> In order for me to get the RegEx for a complex line readable and able to test, I define every variable explicitly.
Readable reg-exp? I don't understand what you mean... ;)
> Ability to define variables that are not processed / stored
Nope, it's not supported. The reg-exp for every variable, e.g. $ipAddress or
$additionalItem_postalCode, will be enclosed by parentheses and then substituted
into the "parser.lineRegExp" expression. This means every variable will be a
group which will tokenize the input row.
I would suggest that you use comments plus non-capturing groups ("(?:X)" see [1])
to solve the problem. This technique is used in "shadowserver-spam-url"-config [2]:
# Skips the following fields: "region","city","subject","src_region","src_city","sender"

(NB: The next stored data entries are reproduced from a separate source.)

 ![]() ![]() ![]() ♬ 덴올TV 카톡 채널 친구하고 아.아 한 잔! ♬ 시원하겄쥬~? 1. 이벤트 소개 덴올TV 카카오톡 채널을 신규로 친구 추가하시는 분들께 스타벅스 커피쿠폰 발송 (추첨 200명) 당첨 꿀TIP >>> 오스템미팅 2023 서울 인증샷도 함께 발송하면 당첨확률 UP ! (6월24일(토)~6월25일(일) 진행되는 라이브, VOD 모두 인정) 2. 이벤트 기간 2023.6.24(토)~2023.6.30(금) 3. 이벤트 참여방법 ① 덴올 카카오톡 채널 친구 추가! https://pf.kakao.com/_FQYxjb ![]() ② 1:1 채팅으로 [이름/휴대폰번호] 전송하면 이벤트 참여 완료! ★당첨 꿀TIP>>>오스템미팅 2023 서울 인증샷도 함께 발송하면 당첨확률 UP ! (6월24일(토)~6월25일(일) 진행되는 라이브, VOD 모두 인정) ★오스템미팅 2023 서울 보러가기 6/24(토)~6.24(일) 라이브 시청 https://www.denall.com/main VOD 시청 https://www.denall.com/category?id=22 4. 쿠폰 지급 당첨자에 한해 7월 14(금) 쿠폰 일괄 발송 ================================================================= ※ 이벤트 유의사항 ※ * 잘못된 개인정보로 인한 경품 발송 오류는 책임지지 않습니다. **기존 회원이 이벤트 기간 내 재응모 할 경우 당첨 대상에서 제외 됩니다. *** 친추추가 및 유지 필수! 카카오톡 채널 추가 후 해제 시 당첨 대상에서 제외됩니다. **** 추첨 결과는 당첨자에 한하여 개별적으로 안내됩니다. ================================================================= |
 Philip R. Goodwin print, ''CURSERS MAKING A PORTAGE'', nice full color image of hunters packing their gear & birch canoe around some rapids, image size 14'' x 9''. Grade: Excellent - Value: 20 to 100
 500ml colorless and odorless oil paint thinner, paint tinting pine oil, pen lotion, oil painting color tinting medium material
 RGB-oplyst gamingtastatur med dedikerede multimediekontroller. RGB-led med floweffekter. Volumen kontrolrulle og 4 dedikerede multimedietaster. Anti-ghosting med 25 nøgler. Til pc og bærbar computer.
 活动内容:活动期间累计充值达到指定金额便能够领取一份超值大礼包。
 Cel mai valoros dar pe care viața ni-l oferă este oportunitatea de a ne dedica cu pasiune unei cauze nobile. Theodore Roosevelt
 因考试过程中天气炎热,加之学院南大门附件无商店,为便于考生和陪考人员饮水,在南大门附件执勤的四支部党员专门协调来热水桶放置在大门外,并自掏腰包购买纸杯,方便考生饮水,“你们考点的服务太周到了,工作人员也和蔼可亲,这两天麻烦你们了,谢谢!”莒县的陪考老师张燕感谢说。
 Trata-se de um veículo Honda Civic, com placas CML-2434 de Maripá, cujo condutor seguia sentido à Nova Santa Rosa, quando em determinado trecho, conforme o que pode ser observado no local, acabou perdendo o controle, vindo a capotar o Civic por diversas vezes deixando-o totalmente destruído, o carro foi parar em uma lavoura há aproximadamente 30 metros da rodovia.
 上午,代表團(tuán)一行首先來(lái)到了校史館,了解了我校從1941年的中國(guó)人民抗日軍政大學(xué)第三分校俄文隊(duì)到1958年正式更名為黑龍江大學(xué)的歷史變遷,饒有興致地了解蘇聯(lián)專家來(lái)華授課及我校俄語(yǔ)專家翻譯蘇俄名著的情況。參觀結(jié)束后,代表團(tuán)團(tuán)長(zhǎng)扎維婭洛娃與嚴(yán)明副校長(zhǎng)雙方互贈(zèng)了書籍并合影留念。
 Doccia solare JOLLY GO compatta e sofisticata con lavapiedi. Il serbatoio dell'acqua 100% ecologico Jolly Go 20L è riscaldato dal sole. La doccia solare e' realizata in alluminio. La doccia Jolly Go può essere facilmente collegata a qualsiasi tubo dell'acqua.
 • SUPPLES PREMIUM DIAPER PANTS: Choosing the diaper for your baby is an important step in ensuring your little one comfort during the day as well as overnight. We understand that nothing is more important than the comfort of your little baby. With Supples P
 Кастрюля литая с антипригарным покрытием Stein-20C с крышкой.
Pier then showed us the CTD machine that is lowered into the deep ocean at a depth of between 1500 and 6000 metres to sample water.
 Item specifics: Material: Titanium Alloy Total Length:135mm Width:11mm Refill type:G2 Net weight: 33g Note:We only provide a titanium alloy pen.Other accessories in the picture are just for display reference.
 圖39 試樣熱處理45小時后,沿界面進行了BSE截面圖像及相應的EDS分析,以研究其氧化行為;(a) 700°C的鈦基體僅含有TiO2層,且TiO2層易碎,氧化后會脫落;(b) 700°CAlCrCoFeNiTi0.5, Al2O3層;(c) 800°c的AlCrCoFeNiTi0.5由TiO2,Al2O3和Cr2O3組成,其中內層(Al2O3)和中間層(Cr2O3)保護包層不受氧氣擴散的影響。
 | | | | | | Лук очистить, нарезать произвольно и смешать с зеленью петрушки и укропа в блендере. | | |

parser.lineRegExp=^"$logTimestamp",$url,$hostname,$ipAddress,$asn,$countryCode,(?:".*?"|""|),(?:".*?"|""|),(?:".*?"|""|),$ipAddress2,$asn2,$countryCode2,(?:".*?"|""|),(?:".*?"|""|),(?:".*?"|""|)
[1]
http://docs.oracle.com/javase/7/docs/api/java/util/regex/Pattern.html
[2]
https://github.com/cert-se/megatron-java/blob/master/conf/job-type/shadowserver-spam-url.properties
/Tor